* EXTRACTED INFORMATION *
════════════════

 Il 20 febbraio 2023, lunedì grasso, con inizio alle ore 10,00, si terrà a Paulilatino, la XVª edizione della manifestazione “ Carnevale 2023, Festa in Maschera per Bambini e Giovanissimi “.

════════════════

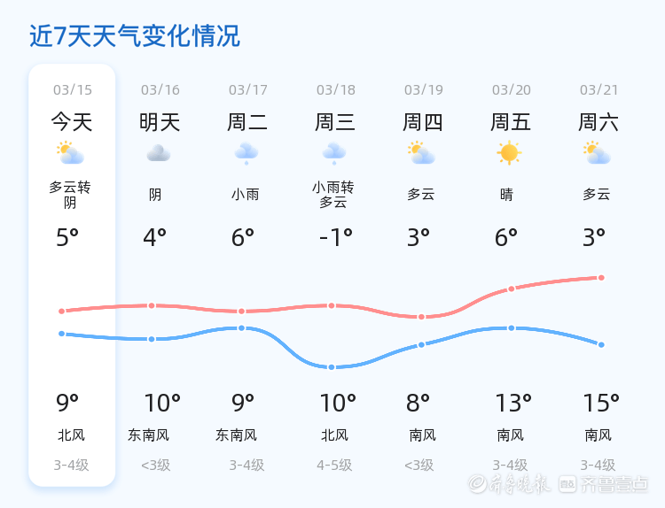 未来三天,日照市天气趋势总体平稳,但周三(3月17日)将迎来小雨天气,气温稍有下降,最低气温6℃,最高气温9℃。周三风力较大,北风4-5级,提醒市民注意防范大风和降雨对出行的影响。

════════════════

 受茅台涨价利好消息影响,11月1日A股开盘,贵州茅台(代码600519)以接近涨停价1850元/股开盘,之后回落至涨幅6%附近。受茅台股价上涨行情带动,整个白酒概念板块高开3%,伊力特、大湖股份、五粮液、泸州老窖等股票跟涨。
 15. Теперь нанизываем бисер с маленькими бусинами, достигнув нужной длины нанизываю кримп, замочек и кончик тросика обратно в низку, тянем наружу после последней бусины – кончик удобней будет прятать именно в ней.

════════════════

* ACTION ITEM *
The exact lines of the material above starting at the one that contains "受茅台涨价利好消息影响,11" and ending at the one that contains "15. Теперь нанизываем" are what to retype; leave out everything else.

* TASK RESPONSE *
 受茅台涨价利好消息影响,11月1日A股开盘,贵州茅台(代码600519)以接近涨停价1850元/股开盘,之后回落至涨幅6%附近。受茅台股价上涨行情带动,整个白酒概念板块高开3%,伊力特、大湖股份、五粮液、泸州老窖等股票跟涨。
 15. Теперь нанизываем бисер с маленькими бусинами, достигнув нужной длины нанизываю кримп, замочек и кончик тросика обратно в низку, тянем наружу после последней бусины – кончик удобней будет прятать именно в ней.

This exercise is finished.